Like with other ventricular lesions, the symptoms are usually related to elevated intracranial pressure. Many patients initially present with headaches, which may be followed by dizziness, urinary incontinence or drowsiness. Once symptomatic, a colloid cysts need to me removed quickly in order to prevent sudden neurological deterioration or even death.
Most colloid cysts can be removed
with minimally invasive techniques by using an endoscope. In case of total or
near-total cyst removal the rate of recurrence is very low.

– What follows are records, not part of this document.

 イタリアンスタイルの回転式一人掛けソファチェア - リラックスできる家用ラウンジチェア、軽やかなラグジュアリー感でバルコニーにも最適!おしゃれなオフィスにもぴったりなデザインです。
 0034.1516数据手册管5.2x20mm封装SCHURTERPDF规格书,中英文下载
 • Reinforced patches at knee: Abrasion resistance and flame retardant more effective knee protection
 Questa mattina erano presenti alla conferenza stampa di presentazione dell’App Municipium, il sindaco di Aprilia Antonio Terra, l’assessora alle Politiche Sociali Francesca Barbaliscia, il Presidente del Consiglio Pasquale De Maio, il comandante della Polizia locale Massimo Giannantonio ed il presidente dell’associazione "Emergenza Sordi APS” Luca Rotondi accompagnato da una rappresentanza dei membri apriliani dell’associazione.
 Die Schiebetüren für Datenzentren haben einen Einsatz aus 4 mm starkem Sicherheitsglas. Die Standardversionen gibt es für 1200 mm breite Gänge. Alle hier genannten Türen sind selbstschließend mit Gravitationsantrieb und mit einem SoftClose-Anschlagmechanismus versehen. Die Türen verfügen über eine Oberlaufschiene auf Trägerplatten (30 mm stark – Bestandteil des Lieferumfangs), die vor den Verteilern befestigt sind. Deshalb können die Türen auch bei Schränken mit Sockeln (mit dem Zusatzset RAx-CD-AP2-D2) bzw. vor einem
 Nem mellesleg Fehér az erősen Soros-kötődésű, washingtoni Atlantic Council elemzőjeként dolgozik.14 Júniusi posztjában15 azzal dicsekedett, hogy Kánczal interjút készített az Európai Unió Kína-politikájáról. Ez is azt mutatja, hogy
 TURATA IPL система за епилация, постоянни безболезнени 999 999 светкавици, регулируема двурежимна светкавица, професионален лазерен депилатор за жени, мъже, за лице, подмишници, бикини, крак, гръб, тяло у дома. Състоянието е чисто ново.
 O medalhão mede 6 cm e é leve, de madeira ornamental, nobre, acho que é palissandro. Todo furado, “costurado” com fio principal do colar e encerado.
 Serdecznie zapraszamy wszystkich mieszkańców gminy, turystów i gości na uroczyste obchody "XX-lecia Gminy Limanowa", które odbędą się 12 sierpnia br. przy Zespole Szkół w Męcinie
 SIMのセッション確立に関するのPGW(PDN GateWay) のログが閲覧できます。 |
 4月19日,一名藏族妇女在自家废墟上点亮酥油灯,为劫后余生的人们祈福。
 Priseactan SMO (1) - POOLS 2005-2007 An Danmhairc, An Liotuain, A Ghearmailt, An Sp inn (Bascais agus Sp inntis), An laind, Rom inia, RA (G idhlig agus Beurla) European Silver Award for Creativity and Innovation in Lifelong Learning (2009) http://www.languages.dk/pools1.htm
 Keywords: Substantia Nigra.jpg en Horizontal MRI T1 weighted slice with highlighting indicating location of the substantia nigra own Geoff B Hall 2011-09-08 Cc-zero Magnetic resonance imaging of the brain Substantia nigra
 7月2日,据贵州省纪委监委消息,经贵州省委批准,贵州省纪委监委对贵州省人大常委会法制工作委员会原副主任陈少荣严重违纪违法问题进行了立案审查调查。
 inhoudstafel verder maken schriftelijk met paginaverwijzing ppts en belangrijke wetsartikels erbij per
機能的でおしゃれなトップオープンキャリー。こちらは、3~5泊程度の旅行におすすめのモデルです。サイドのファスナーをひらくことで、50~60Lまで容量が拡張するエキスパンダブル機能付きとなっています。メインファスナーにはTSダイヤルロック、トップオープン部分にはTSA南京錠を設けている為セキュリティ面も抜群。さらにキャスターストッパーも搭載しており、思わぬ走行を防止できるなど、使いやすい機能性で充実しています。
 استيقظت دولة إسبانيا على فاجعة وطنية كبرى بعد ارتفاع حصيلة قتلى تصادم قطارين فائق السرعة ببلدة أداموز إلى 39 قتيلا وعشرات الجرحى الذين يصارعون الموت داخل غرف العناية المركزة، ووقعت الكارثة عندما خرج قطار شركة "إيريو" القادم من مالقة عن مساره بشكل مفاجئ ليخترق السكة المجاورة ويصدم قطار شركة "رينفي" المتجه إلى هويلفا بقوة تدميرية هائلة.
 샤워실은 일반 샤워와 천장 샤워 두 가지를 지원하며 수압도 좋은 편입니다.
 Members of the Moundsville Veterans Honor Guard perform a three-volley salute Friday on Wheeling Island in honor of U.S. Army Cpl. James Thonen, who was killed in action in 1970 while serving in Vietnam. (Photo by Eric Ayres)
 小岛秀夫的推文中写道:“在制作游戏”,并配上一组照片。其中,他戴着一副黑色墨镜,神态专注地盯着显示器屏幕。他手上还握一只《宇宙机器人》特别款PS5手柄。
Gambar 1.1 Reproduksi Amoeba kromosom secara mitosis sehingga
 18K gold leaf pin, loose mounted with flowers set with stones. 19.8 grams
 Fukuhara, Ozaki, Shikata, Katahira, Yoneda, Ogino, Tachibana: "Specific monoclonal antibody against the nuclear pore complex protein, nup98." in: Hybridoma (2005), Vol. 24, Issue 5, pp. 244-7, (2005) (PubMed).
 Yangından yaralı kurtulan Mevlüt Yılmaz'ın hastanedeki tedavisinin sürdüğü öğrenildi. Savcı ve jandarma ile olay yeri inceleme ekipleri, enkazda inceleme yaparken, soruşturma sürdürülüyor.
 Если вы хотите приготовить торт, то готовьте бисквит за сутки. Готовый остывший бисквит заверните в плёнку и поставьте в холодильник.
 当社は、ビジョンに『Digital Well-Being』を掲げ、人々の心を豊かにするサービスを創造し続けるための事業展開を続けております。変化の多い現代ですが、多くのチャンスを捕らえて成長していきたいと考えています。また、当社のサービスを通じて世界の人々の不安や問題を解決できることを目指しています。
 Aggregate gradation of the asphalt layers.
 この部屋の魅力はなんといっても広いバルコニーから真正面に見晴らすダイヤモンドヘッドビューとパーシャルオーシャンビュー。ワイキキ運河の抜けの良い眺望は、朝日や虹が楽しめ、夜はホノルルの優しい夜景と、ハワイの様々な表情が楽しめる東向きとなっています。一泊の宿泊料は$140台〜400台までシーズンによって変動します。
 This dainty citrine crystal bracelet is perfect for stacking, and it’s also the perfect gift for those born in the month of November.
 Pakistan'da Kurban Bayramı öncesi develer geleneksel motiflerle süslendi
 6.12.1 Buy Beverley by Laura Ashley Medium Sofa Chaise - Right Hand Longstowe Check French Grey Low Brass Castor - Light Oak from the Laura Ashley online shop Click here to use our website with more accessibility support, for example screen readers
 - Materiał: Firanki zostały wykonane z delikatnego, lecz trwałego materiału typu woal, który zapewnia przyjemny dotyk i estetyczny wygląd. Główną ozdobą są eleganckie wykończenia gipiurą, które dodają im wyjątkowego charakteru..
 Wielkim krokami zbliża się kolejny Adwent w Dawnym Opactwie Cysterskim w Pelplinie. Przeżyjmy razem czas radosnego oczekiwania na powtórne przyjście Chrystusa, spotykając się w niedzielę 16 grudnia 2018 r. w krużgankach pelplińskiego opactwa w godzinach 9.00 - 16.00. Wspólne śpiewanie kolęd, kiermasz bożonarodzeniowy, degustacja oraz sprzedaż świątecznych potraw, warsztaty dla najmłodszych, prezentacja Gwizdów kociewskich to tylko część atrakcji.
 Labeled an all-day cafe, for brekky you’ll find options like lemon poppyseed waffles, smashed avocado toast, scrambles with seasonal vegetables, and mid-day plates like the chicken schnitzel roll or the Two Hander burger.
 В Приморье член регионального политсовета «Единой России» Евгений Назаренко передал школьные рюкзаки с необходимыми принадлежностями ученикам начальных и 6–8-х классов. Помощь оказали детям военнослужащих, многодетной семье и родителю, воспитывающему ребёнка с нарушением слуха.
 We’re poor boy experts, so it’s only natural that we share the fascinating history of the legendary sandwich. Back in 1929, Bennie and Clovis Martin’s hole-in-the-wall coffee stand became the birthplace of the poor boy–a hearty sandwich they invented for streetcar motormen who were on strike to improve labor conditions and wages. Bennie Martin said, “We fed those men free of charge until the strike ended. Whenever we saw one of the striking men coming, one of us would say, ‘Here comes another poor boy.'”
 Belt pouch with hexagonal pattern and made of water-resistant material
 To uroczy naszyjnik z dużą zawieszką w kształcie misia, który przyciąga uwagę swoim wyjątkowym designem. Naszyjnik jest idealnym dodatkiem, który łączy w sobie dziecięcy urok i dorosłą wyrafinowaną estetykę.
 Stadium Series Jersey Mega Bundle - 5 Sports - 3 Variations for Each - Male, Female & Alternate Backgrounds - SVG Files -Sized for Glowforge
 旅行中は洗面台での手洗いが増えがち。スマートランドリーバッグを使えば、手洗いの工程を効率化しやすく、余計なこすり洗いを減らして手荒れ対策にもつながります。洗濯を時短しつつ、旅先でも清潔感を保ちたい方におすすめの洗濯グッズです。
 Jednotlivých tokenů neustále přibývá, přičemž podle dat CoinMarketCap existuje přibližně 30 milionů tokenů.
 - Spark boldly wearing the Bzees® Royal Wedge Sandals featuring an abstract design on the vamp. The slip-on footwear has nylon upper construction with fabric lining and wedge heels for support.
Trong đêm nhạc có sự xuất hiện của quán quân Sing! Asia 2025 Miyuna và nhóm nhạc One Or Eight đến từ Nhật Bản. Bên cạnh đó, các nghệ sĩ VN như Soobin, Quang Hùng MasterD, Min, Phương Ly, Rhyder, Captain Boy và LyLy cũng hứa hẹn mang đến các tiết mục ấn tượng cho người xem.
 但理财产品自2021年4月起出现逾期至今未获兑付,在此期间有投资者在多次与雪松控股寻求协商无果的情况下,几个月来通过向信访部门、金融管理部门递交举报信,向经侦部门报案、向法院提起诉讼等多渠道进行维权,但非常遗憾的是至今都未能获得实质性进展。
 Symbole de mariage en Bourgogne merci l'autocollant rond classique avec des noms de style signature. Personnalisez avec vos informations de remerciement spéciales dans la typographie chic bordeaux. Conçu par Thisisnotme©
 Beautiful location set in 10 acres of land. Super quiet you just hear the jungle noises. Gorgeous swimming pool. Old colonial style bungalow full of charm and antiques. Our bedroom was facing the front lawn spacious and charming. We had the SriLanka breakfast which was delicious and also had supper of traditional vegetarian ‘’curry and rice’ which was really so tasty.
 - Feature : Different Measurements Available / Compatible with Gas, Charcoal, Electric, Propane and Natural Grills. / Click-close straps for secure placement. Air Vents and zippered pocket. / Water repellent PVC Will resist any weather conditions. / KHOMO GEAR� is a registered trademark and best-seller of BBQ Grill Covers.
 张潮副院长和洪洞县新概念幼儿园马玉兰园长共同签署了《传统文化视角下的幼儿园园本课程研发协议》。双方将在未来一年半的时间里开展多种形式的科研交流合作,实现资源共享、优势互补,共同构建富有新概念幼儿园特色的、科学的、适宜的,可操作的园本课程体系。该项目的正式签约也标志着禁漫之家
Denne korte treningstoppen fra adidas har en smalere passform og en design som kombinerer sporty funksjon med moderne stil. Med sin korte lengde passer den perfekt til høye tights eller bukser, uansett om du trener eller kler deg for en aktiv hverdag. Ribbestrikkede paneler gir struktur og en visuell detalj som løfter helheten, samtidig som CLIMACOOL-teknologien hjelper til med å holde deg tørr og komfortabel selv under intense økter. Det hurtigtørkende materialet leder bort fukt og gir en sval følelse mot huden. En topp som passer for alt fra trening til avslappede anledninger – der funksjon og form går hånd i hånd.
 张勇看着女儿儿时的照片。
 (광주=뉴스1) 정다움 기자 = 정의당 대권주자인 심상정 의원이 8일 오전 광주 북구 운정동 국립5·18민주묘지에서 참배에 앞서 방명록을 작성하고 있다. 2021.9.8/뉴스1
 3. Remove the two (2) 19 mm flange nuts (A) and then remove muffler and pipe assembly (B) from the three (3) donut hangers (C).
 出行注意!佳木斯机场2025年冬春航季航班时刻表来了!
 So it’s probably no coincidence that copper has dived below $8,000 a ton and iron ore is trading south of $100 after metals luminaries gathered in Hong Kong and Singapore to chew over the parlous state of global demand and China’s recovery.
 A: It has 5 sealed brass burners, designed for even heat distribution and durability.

This 34-year-old patient presented with headache, nausea and mild urinary urge incontinence. The MRI revealed a tumor in the left lateral ventricle with slight and patchy contrast enhancement, being attached to the corpus callosum and extending a few millimetres into the foramen of Monro. The left lateral ventricle was massively expanded and both temporal horns were enlarged, signalling signs of CSF flow obstruction.
The tumor was removed entirely through a left trans-parieto-occipital keyhole approach using a combination of microscopic and endoscopic techniques.
The postoperative course was without complications. The neurological symptoms subsided and the patient was discharged from the hospital after 5 days.
The post-operative MRI showed complete tumor removal without signs of complications.
The histo-pathological analysis revealed the tumor to be Atypical Central Neurocytoma, WHO II. Based on the recommendation of our interdicipilnary tumor board the patient received a focal fractionated radiation therapy of the tumor bed.
Three years post surgery the patient does not show any sign of tumor recurrence. He is back to work in his profession as an electrical engineer.